"Sugar" Ray Leonard, "Marvelous" Marvin Hagler, Thomas "Hit Man" Hearns, and Roberto Duran all formed the pantheon of boxing greats during the late 1970s and early 1980s—before the pay-per-view model, when prize fights were telecast on network television and still captured the nation's attention. Championship bouts during this era were replete with revenge and fury, often pitting one of these storied fighters against another. From training camps to locker rooms, veteran sports journalist George Kimball was there to cover every body shot, uppercut, and TKO. Inside stories, including recent interviews of each of the boxers, are full of drama, sacrifice, fear, and pain, resulting in a fast-paced, blow-by-blow account of four extraordinary adversaries and a remarkable boxing epoch.
About the Author
George Kimball is the author of FOUR KINGS: Leonard, Hagler, Hearns, Duran and the Last Great Era of Boxing, and of MANLY ART, a boxing collection (McBooks Press, 2011). On June 1, 2010 Fore Angels Press published THE FIGHTER STILL REMAINS, which he co-edited with John Schulian.

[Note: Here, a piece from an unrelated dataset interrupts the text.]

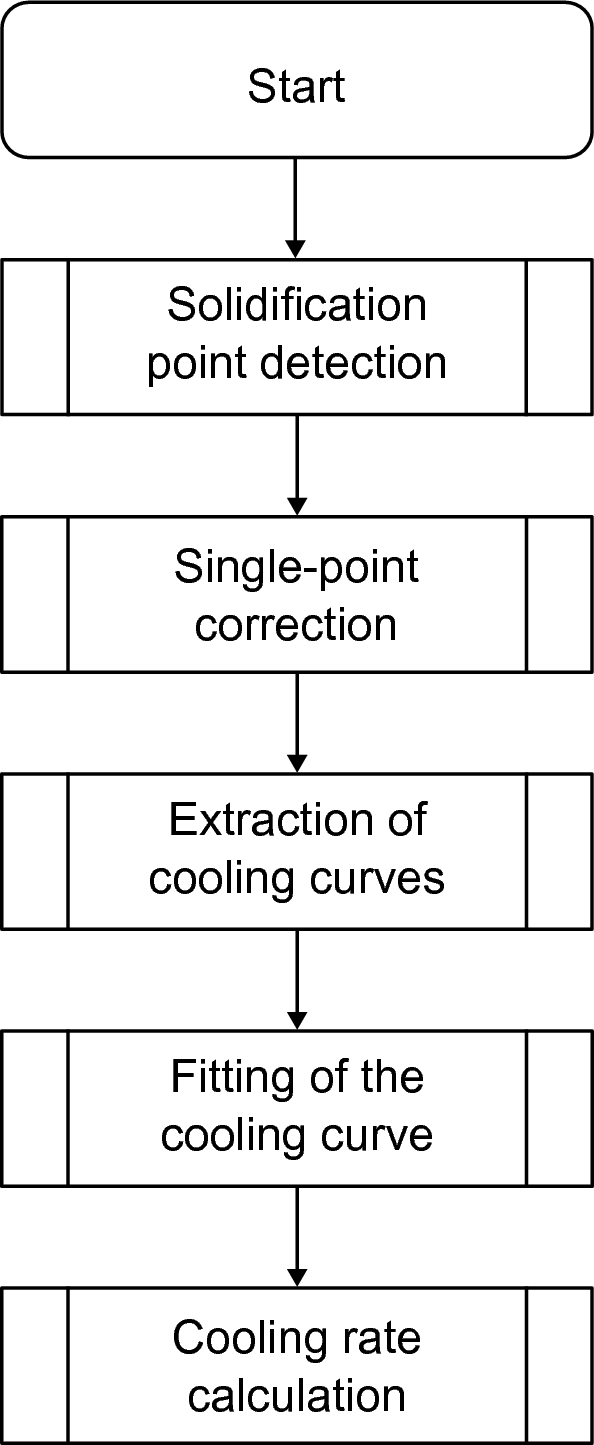 This methodology employs a statistical data analysis to ensure the reliability of the measurements. In the first step of applying this methodology, the signal value of the solidification temperature was detected for each layer. This information was used to calculate the apparent emissivity at this temperature and to perform a single-point correction of the data. The cooling cycle after the solidification of each pixel was extracted from the corrected data. The cooling curve was obtained by fitting the extracted data to a simplified analytical temperature model. In the final step, the solidification cooling rate was calculated from the first-order derivative of the fitted cooling curve. The following subsections describe these five steps in more detail.

A past winner of the Nat Fleischer Award for Excellence in Boxing Journalism, he lives in New York City, and writes the weekly "America at Large" column for The Irish Times. Kimball (b. 1943) also co-edited the forthcoming anthology AT THE FIGHTS: American Writers on Boxing (with John Schulian) for the Library of America. A career newspaperman, Kimball spent ten years as sports editor of The Boston Phoenix and 25 more as a sports columnist for the Boston Herald.